Lightrun Answers was designed to reduce the constant googling that comes with debugging 3rd party libraries. It collects links to all the places you might be looking at while hunting down a tough bug.

And, if you’re still stuck at the end, we’re happy to hop on a call to see how we can help out.

Messages dropping on the floor with transactional producer

See original GitHub issue

Description

If connectivity to the cluster is lost after a call to CommitTransaction, subsequent transactions will “succeed” although there is no connectivity to the broker.

I don’t think this is the intended behaviour, my understand was we could ignore the delivery reports with a transactional producer (see https://github.com/edenhill/librdkafka/blob/5fa114ccab90b0a7640b2621bf3e88314d731b84/examples/transactions.c#L102-L109).

Based on the debug logs (see below), the "No partitions registered: not sending EndTxn" made me think of this change: https://github.com/edenhill/librdkafka/pull/3271 but I haven’t investigated.

Killing connectivity at other points behaves fine (e.g. before committing).

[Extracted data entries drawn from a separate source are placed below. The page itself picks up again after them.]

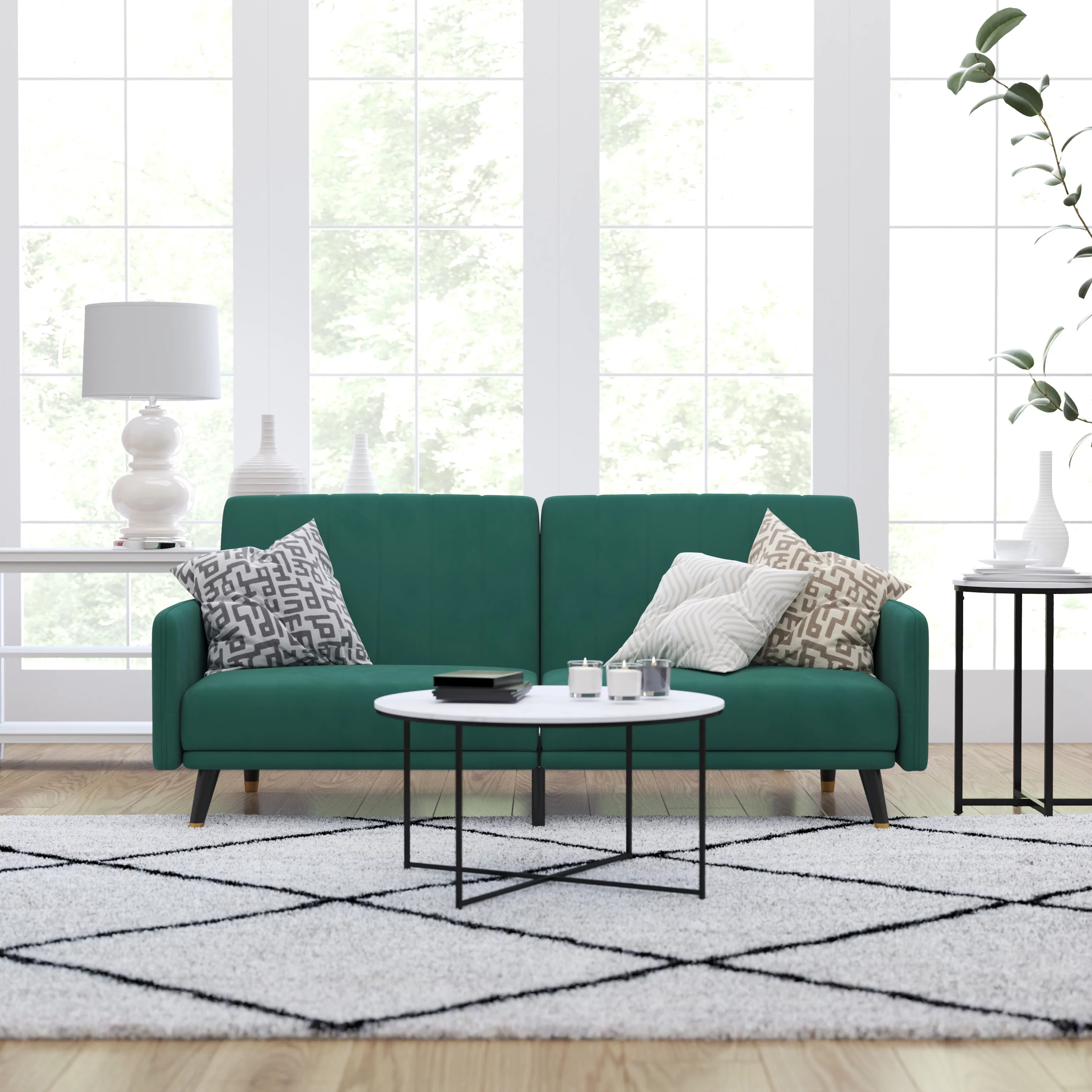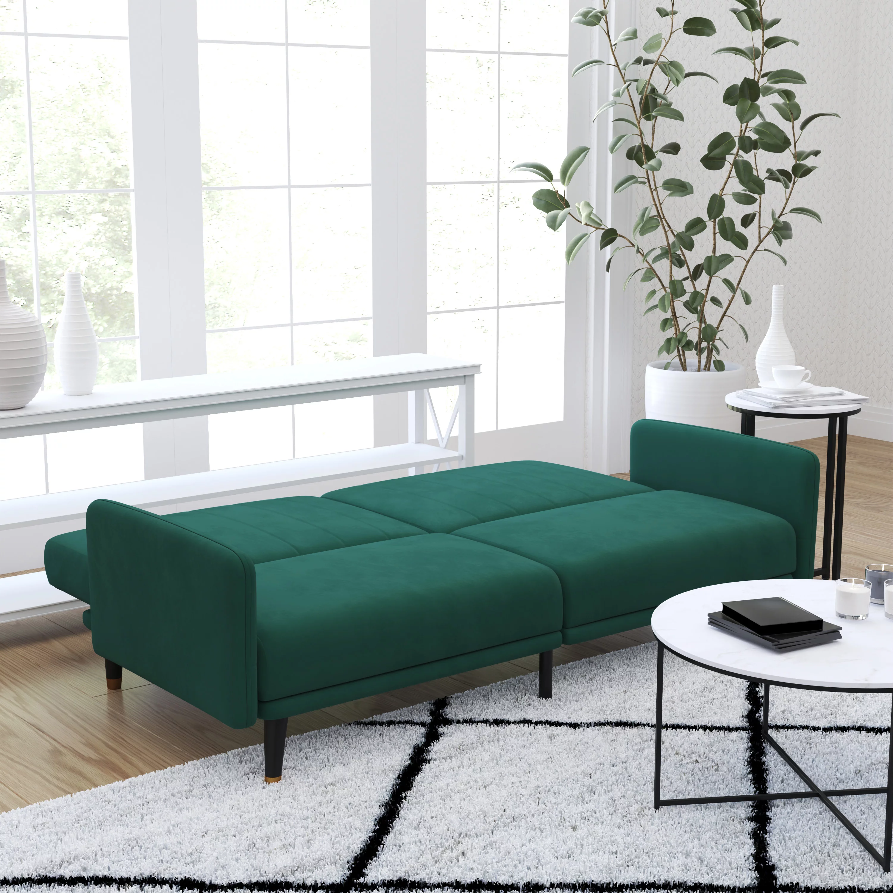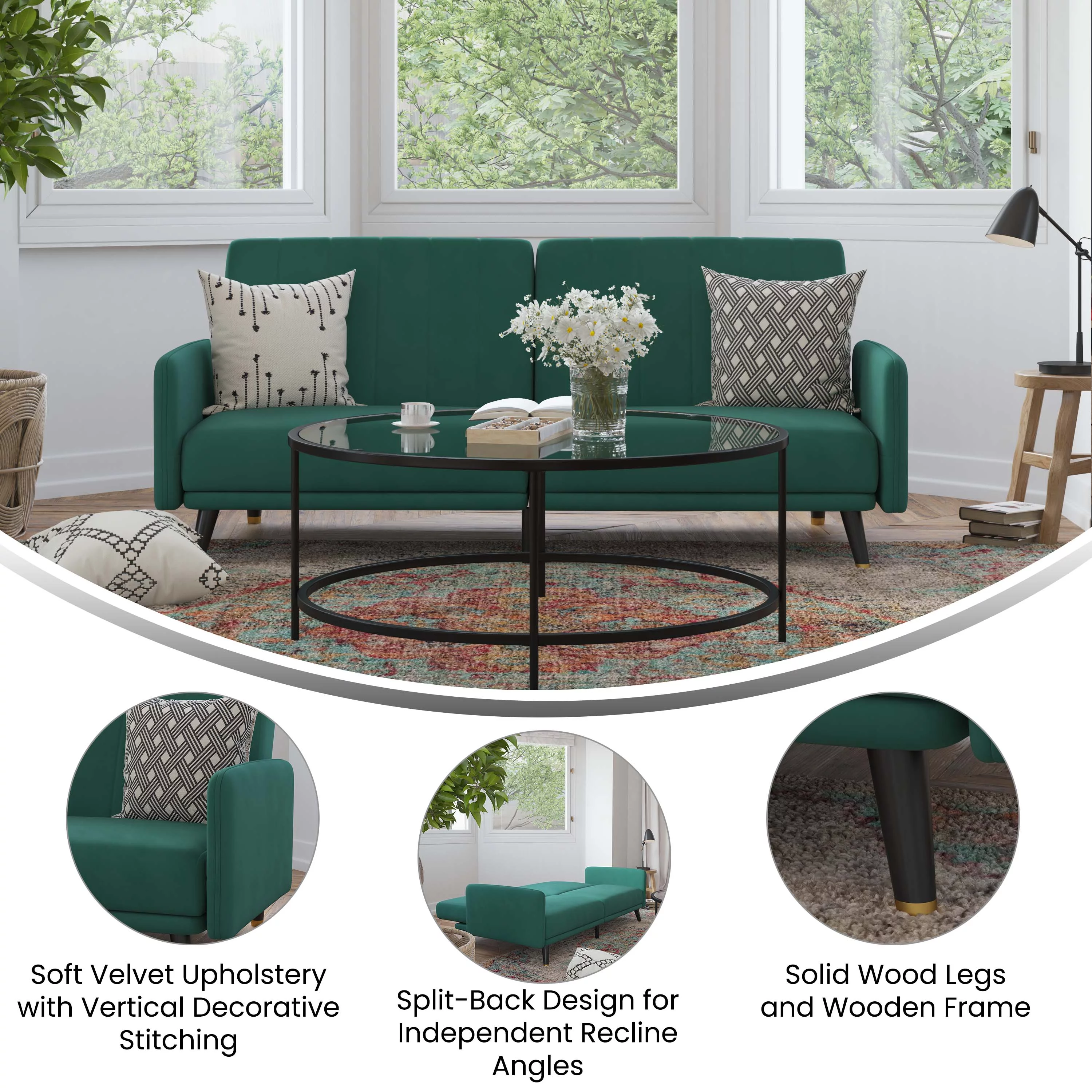 Merrick Lane Mid Century Modern Split-Back Sofa Futon with 3 Recline Positions In Elegant Emerald Velvet Upholstery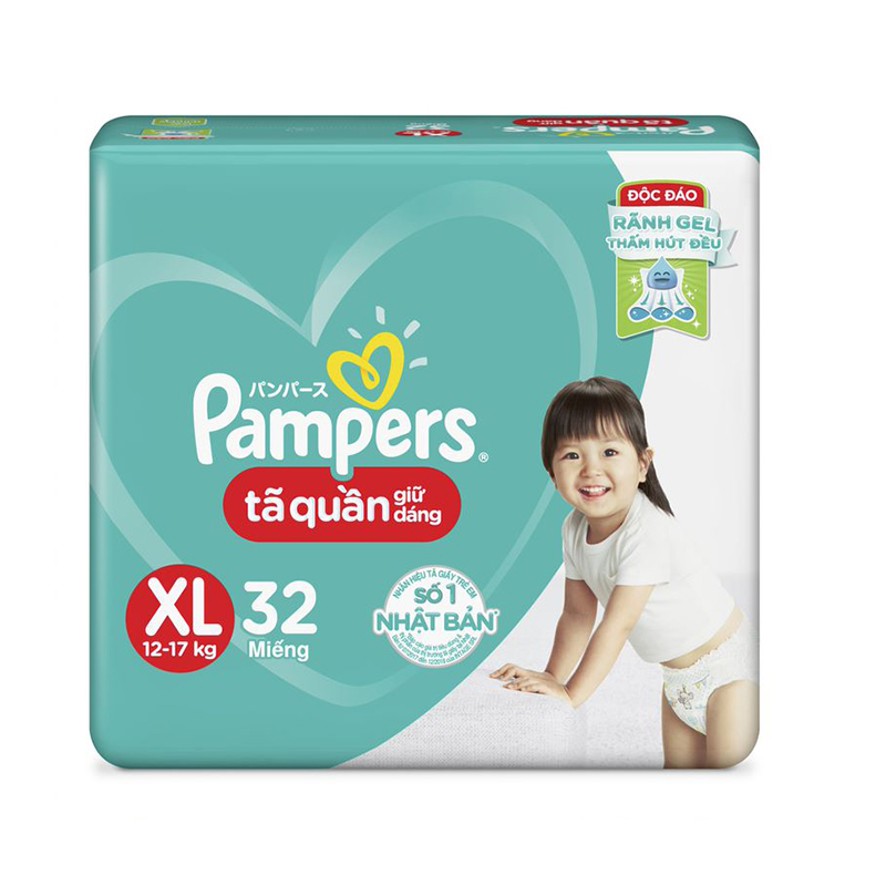 Bỉm quần Pampers XL32 (12-17kg) được đầu tư nghiên cứu và phát triển dựa trên nhu cầu thực tế với mong muốn hỗ trợ bảo vệ sức khỏe của bé giai đoạn những năm đầu đời. Ứng dụng công nghệ Rãnh Gel, tã quần Pampers Giữ Dáng giúp thấm hút nhanh và dàn đều nước tiểu của bé, luôn mỏng nhẹ, chống xệ và chống tràn nước tiểu.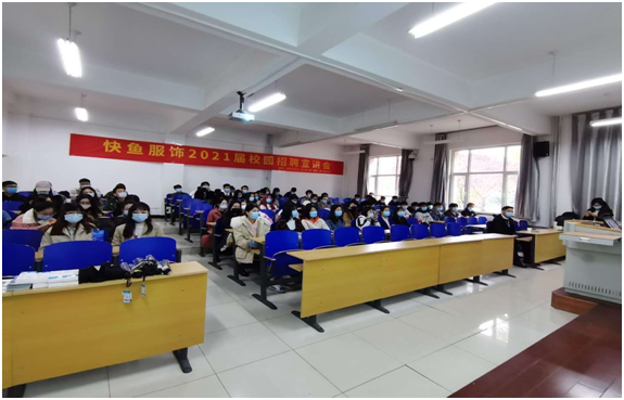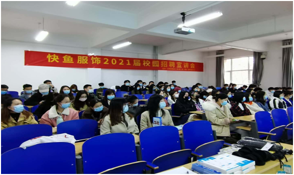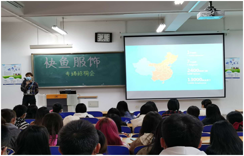 快鱼服饰有限公司于2020年10月14日(周三)下午在必一运动官网教B103面向必一运动服装设计与工程、服装与服饰设计、纺织工程三个专业的应届毕业生开展了企业专场招聘宣讲会。

Apologies in advance if there is something I haven’t understood.

How to reproduce

This repros consistently for me (100%)

using System;
using System.Collections.Generic;
using System.Linq;
using System.Threading.Tasks;
using Confluent.Kafka;

namespace TestProducer
{
    public class Producer
    {
        private const string MessageTopic = "important-numbers-5";
        private readonly IEnumerable<int> _numbersToSend = Enumerable.Range(0, Int32.MaxValue);
        private readonly IProducer<byte[], string> _kafkaProducer;

        public Producer()
        {
            var producerConfig = new ProducerConfig
            {
                BootstrapServers = "kafka:9092",
                SecurityProtocol = SecurityProtocol.Plaintext,
                SaslMechanism = SaslMechanism.Plain,
                TransactionalId =  "txd-id-54321",
                EnableIdempotence = true,
                TransactionTimeoutMs = 10 * 1000,
                MaxInFlight = 1,
                LingerMs = 2,
                MessageSendMaxRetries = Int32.MaxValue,
                QueueBufferingMaxKbytes = 100000,
                CompressionType = CompressionType.None,
                Debug = "broker,protocol,msg,eos",
                Acks = Acks.All,
                BrokerAddressFamily = BrokerAddressFamily.V4
            };

            void LogHandler(IProducer<byte[], string> producer, LogMessage logMessage) =>
                Console.WriteLine(logMessage.Message);

            _kafkaProducer = new ProducerBuilder<byte[], string>(producerConfig)
                .SetLogHandler(LogHandler)
                .Build();
        }

        public void Run()
        {
            _kafkaProducer.InitTransactions(TimeSpan.FromSeconds(10));
            _ = Task.Run(ProduceLoop);
        }

        private void ProduceLoop()
        {
            foreach (var msg in _numbersToSend)
            {
                Console.WriteLine($"Going to send: {msg}");
                _kafkaProducer.BeginTransaction();
                _kafkaProducer.Produce(MessageTopic, new Message<byte[], string>
                {
                    Key = null,
                    Value = msg.ToString(),
                });
                _kafkaProducer.CommitTransaction();
                Console.WriteLine("Successfully committed"); // <--- Here
                // 1. Breakpoint on the above line
                // 2. Kill connection to kafka
                // 3. Resume + remove breakpoint
                // 4. Watch subsequent messages being dropped on the floor every transaction.timeout.ms
            }
        }
    }
}

The way I have been simulating connectivity issues is with socat:

---
version: '3.4'

services:
  zookeeper:
    image: wurstmeister/zookeeper
    ports:
      - "2181:2181"

  kafka:
    image: wurstmeister/kafka:2.13-2.7.0
    environment:
      KAFKA_BROKER_ID: "991"
      KAFKA_LISTENERS: PLAINTEXT://kafka:9092
      KAFKA_ADVERTISED_LISTENERS: PLAINTEXT://kafka:9092
      KAFKA_ZOOKEEPER_CONNECT: zookeeper:2181
      LOG4J_LOGGER_KAFKA: DEBUG
      LOG4J_LOGGER_ORG_APACHE_KAFKA: DEBUG

  socat:
    image: alpine/socat:latest
    ports:
      - "9092:9092"
    command: tcp-listen:9092,fork,reuseaddr tcp:kafka:9092

and then docker-compose -f docker-compose.kafka.yml kill socat (and 127.0.0.1 kafka in my hosts file)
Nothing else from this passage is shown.